■ **WORK REQUEST**: Stopping at the line that holds "WLAN-Streaming (198 cd/m², ausgeglichenes", repeat the lines below exactly, starting from the very first and including that final line.

■ **SUPPLIED MATERIAL**:

------------------------------------------------

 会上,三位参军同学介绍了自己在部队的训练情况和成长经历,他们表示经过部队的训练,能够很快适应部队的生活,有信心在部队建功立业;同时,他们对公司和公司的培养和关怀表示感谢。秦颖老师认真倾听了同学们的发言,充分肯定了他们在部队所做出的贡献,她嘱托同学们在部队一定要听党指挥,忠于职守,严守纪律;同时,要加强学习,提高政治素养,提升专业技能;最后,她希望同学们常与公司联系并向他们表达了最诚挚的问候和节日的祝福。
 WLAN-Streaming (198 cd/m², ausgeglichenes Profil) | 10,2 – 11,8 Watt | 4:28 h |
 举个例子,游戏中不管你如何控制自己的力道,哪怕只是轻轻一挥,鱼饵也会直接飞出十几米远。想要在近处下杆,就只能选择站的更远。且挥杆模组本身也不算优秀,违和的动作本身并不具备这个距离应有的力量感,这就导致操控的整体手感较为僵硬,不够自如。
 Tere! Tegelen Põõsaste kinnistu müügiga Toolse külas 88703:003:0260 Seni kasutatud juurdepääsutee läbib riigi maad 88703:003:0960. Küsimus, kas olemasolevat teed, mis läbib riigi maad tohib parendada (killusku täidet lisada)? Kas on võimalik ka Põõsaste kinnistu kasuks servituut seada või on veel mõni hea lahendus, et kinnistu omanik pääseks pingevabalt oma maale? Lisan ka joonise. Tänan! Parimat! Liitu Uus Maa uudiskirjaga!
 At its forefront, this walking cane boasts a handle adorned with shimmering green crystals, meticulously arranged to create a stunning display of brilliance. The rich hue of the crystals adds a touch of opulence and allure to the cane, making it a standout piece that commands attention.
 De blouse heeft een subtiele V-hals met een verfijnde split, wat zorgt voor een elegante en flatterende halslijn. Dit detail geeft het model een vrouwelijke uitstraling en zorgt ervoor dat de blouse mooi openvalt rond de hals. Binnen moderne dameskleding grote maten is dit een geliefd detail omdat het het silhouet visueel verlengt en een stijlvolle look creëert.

------------------------------------------------

■ **TASK RESPONSE**:
 会上,三位参军同学介绍了自己在部队的训练情况和成长经历,他们表示经过部队的训练,能够很快适应部队的生活,有信心在部队建功立业;同时,他们对公司和公司的培养和关怀表示感谢。秦颖老师认真倾听了同学们的发言,充分肯定了他们在部队所做出的贡献,她嘱托同学们在部队一定要听党指挥,忠于职守,严守纪律;同时,要加强学习,提高政治素养,提升专业技能;最后,她希望同学们常与公司联系并向他们表达了最诚挚的问候和节日的祝福。
 WLAN-Streaming (198 cd/m², ausgeglichenes Profil) | 10,2 – 11,8 Watt | 4:28 h |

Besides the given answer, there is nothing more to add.